---------- DATA FOR ANALYSIS ----------
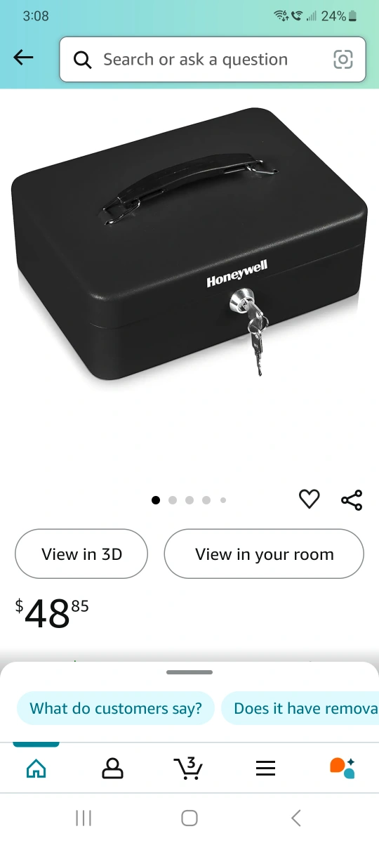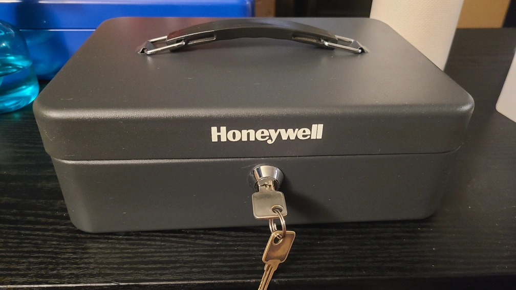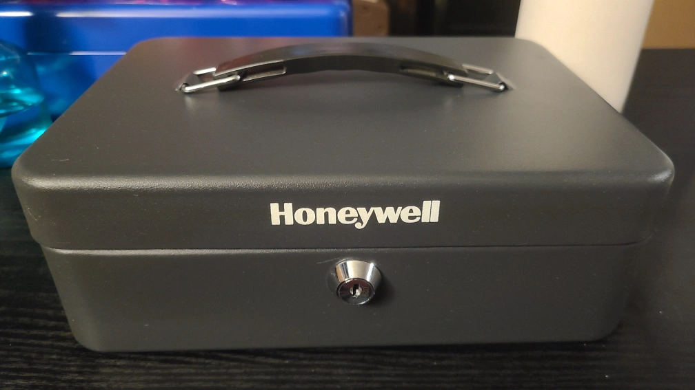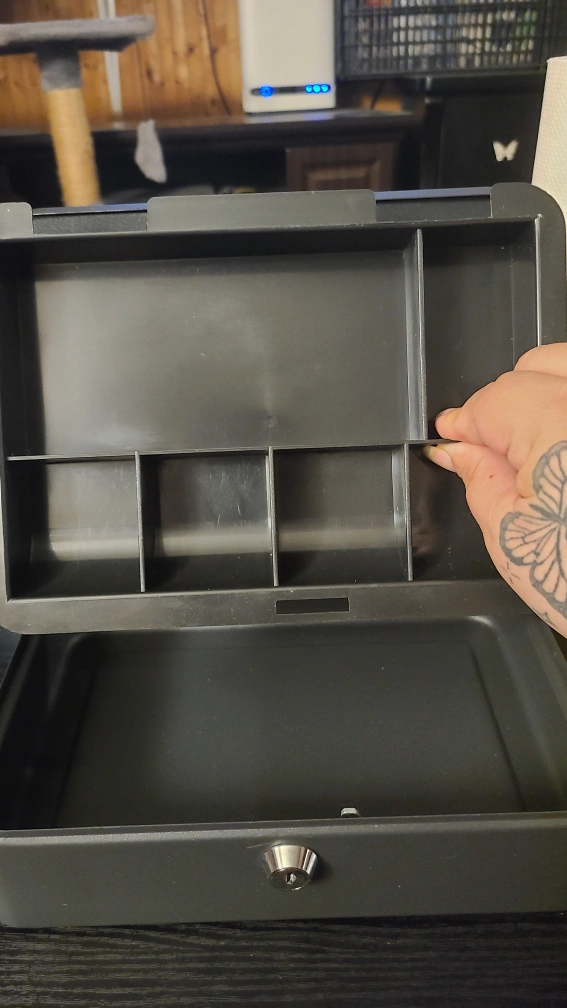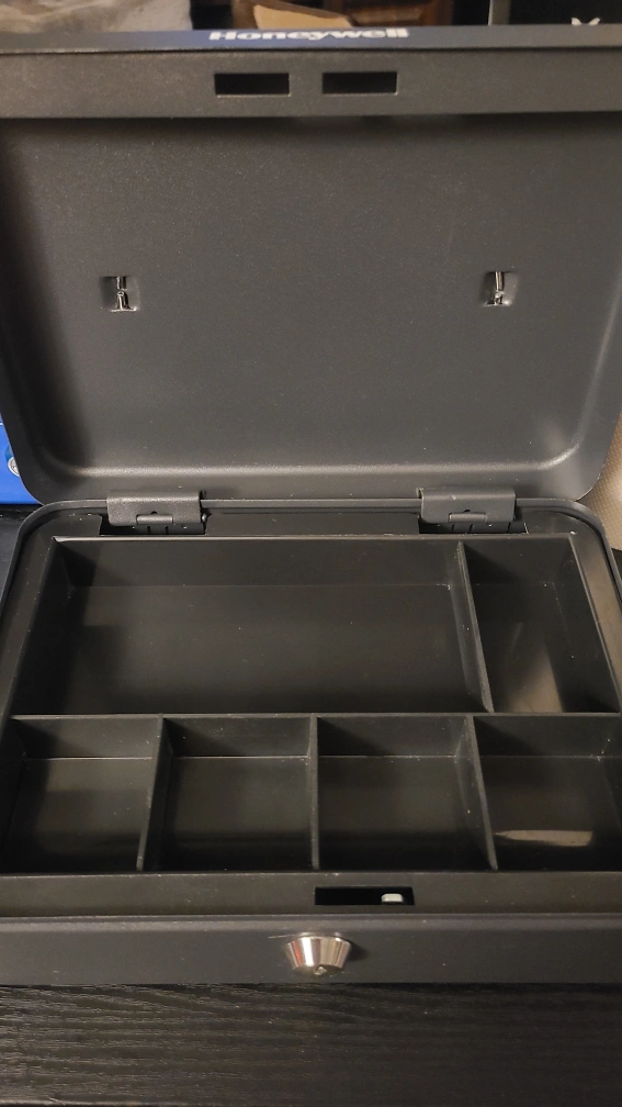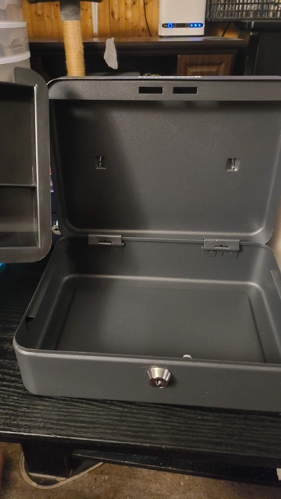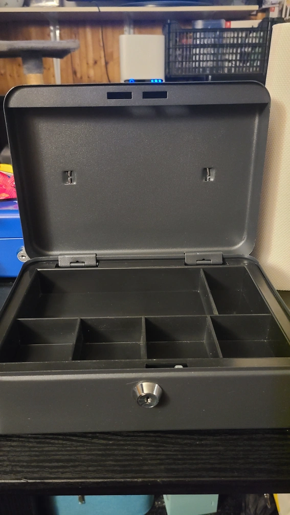 Grey metal cash box. Features a removable tray with compartments. Includes a key lock and carrying handle. Great for storing money.
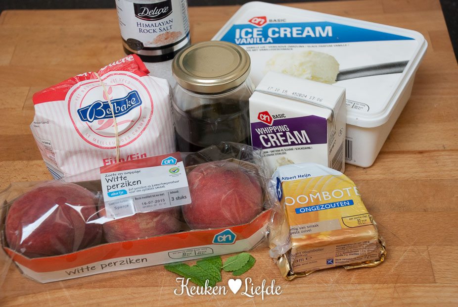 Leg op elk bord een halve perzik (of twee om de grotere gaatjes te vullen) en schep er een bolletje roomijs op. Lepel er wat karamelsaus overheen en garneer met verse munt. Serveer direct.
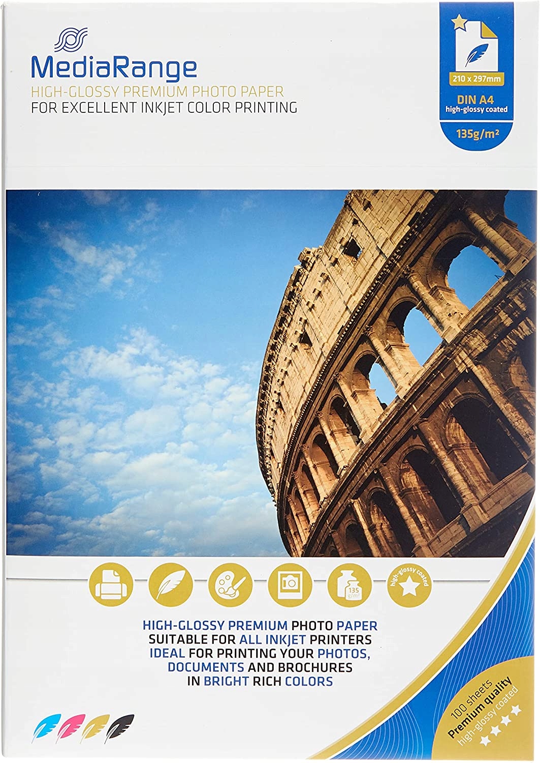 Фотопапір MediaRange — це продукт, який під час друку на струменевих принтерах може отримати фотографічну якість. Цей папір має роздільну здатність друку 5760 точок на дюйм і щільність 135 г/м2.
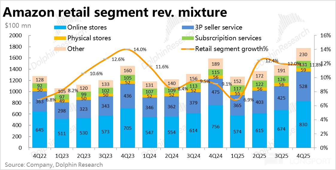 同样重要但当前不那么受关注的泛零售板块整体表现相对平稳。本季合计营收$1778 亿,同比增长 11.8%,增速较上季度稳中微降。
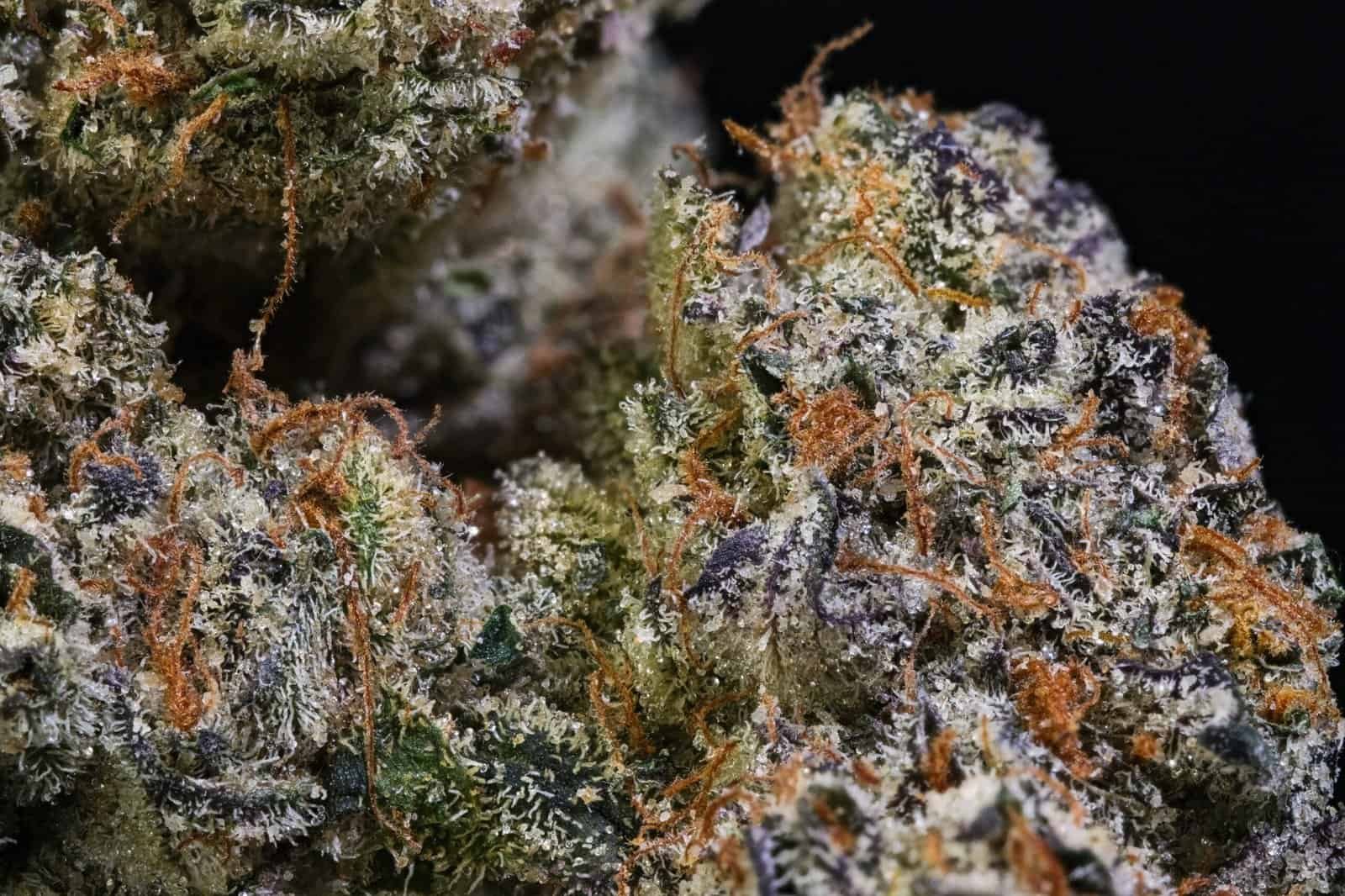 This flower has pretty dense nugs that are sticky to the touch but a bit dry/brittle feeling. Overall still very pretty nugs that are doused in trichomes but I do wish the humidity was a little bit better.
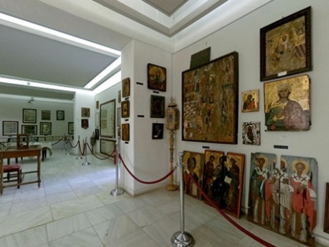 Το πλούσιο σκευοφυλάκιο του Ιδρύματος περιλαμβάνει μέρος μόνο των αφιερωμάτων, κυρίως έργα εκκλησιαστικής αργυροχοΐας και χρυσοκεντητικής, εκτεθειμένα σε κομψές προθήκες. Άξια ιδιαίτερης προσοχής είναι:
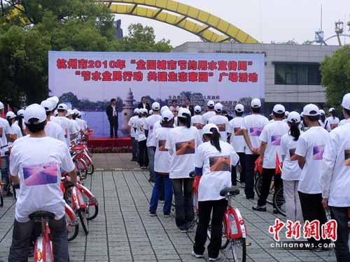 中新網(wǎng)杭州5月15日電(記者 趙曄嬌 實習(xí)生 徐進(jìn)軍)今天,杭州市“全國城市節(jié)約用水宣傳周”活動在該市少年宮廣場舉行,由近五十名大學(xué)生組成的節(jié)水志愿者車隊騎著公共自行車環(huán)繞西湖,倡導(dǎo)“節(jié)水減排,綠色出行”,提高市民低碳意識。據(jù)悉,杭州水資源緊缺的矛盾日益嚴(yán)峻,僅去年末總蓄水量就較2008年同期減少10.14億立方米,相當(dāng)于減少近100個西湖的水量。
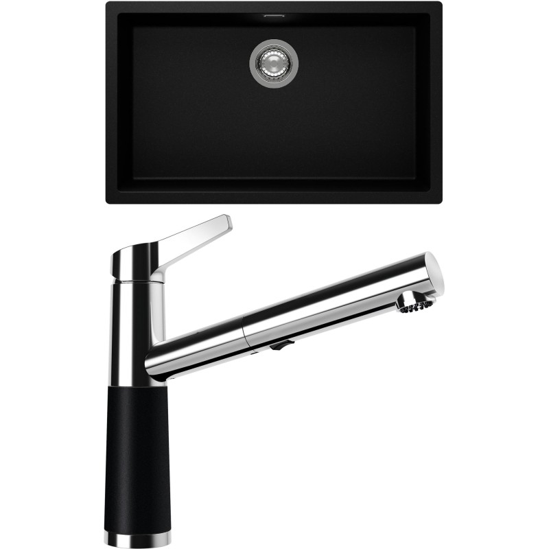 Cenově zvýhodněný set dřezu a baterie Schock S15-5 - obsahuje granitový jednodřez Kaia N-100XL Puro a baterii se sprchou SC-510.120 Puro.
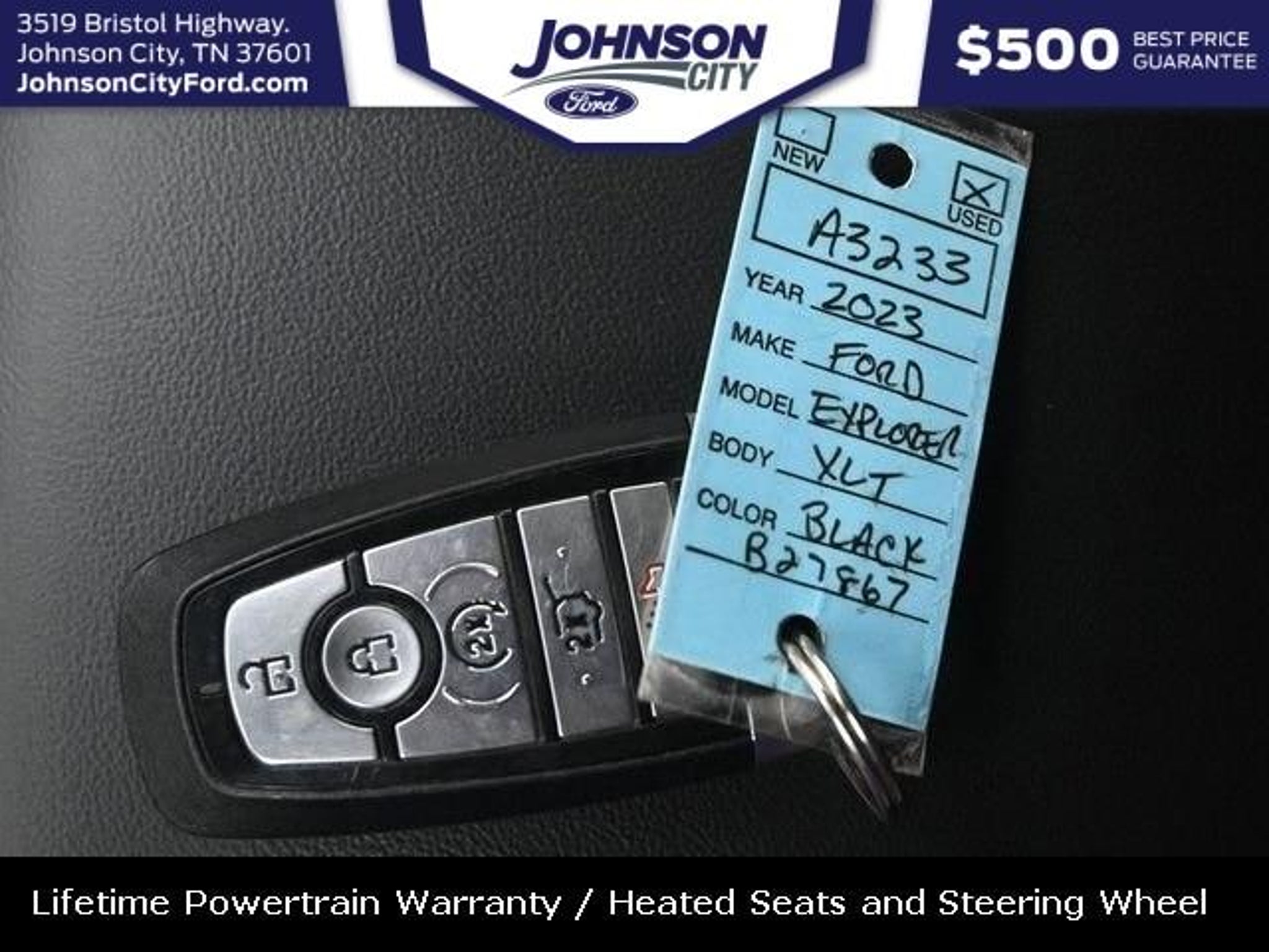 *** BACKUP CAMERA ***, *** BLUETOOTH ***, USB Charging Port, Cruise Control, !! LIFETIME WARRANTY !!, 3rd Row Seats, Vehicle Detailed, Recent Oil Change, Passed Dealer Inspection, Keyless Entry, Multi-zone Climate Control, Power Locks, Power Windows, Steering Wheel Controls, Heated Seats, Touch Screen, 3rd Row! Co-Pilot360! Daytime Running Lamps!, Acoustic-Laminated Front Side Windows, Air Conditioning, Equipment Group 202A, Heated ActiveX Captain's Chairs, Heated front seats, Heated Steering Wheel, LED Fog Lamps, Power driver seat, Remote Start System, SecuriCode Keyless Entry Keypad. CARFAX One-Owner. Clean CARFAX. 20/27 City/Highway MPG 2023 Agate Black Metallic Ford 4D Sport Utility Explorer XLT Remote Start 3rd Row 4WD 10-Speed Automatic 2.3L EcoBoost I-4 At Johnson City Ford we believe in MARKET VALUE PRICING all vehicles in our inventory. We use real-time Internet price comparisons to constantly adjust prices to provide ALL BUYERS The BEST PRICE possible. We do not mark them up, to mark them down! We utilize state-of-the-art technology to constantly monitor pricing trends in order to offer our shoppers the best competitive pricing and value. Our entire team is committed to helping you buy a car the way we would want to buy a car! Proudly serving these areas Tennessee, Virginia, North Carolina & surrounding communities, Kingsport, Bristol, Johnson City, Knoxville, Greeneville, Elizabethton, Asheville. Please call with any and all questions @ 423-282-3000 ask for the Internet Department or email 24/7 mackenziecornett@johnsoncityford.com.
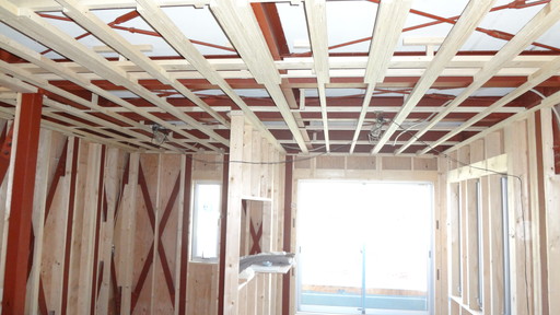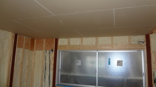 ・天井ボード貼付けの様子です
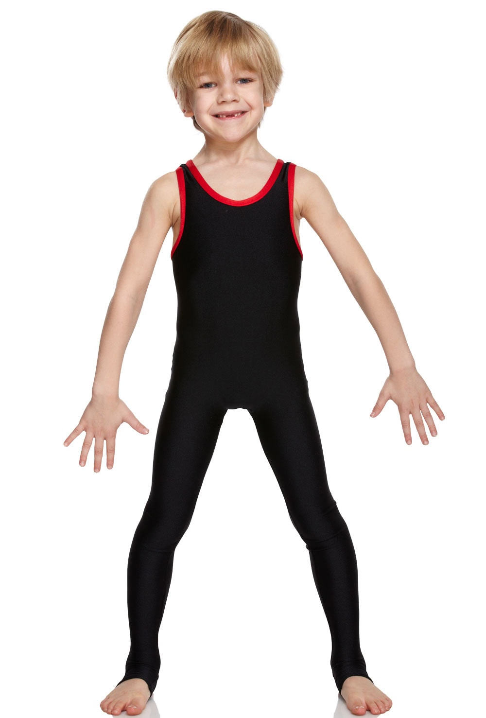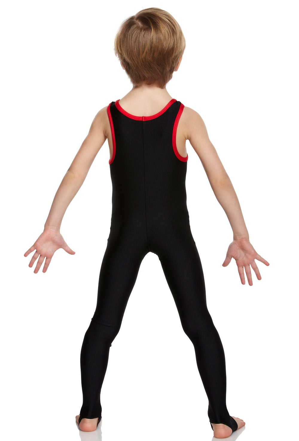 Male shiny lycra tank unitard with scoop neck and contrast binding. Features stirrups to hook under the feet. 80% nylon 20% lycra.
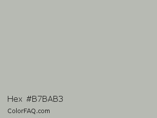 Hex #b7bab3 Color is a light green color and the nearest color is Ash Gray #b2beb5. Hex code #b7bab3 and RGB value is rgb(183,186,179). In RGB color space, this color is composed of 72% red, 73% green, 70% blue, In CMYK color space, this color is composed of 2% cyan, 0% magenta, 4% yellow , 27% black , In HSL color space, this color has a hue angle of 86° , 5% saturation and 72% lightness.
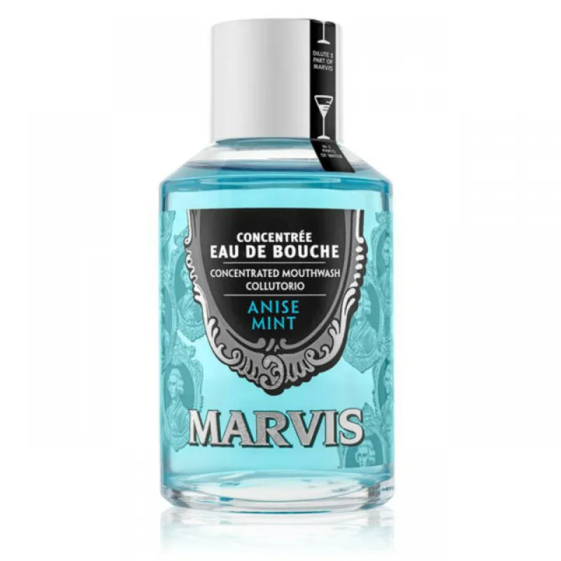 Marvis Anise mint collutorio concentrato avvolge la bocca con una fresca e frizzante sensazione di menta e anice, favorendo una buona igiene orale.
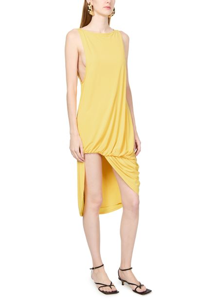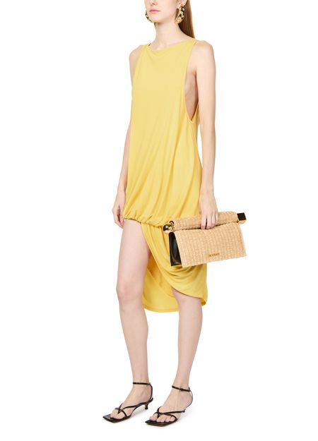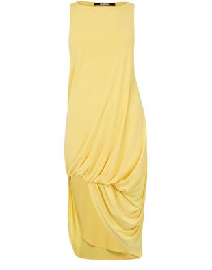 La robe courte Peplo de Jacquemus incarne l'élégance moderne. Sans manches et dotée d'une encolure bateau, elle met en valeur le décolleté. Le détail drapé et la longueur genou en font un choix parfait pour les soirées et cocktails. La surpiqûre visible ajoute une touche de sophistication audacieuse.
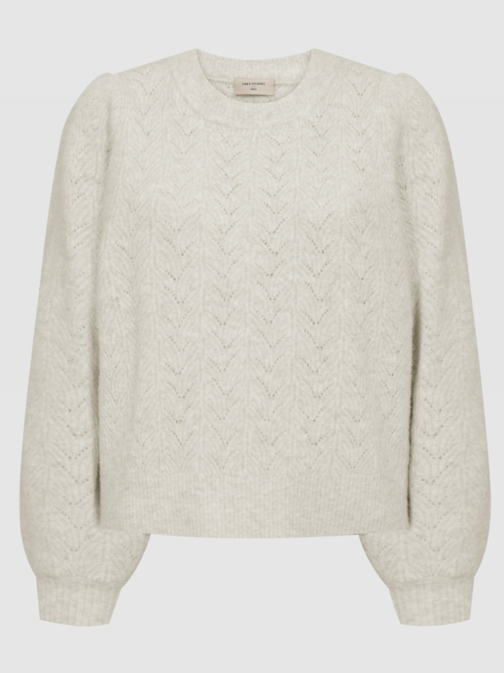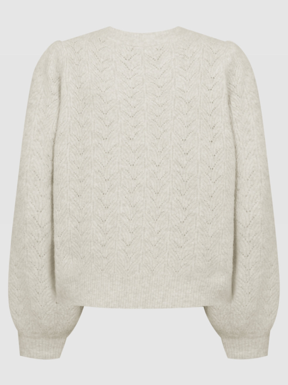 Heerlijk zachte trui met een wollige uitstraling. De trui heeft een ronde hals en pofmouwen.
----------
Return exactly the stretch above whose first line contains "This flower has" and whose last line contains "Το πλούσιο σκευοφυλάκιο", and nothing outside it. The pictures should not appear.

 This flower has pretty dense nugs that are sticky to the touch but a bit dry/brittle feeling. Overall still very pretty nugs that are doused in trichomes but I do wish the humidity was a little bit better.
 Το πλούσιο σκευοφυλάκιο του Ιδρύματος περιλαμβάνει μέρος μόνο των αφιερωμάτων, κυρίως έργα εκκλησιαστικής αργυροχοΐας και χρυσοκεντητικής, εκτεθειμένα σε κομψές προθήκες. Άξια ιδιαίτερης προσοχής είναι:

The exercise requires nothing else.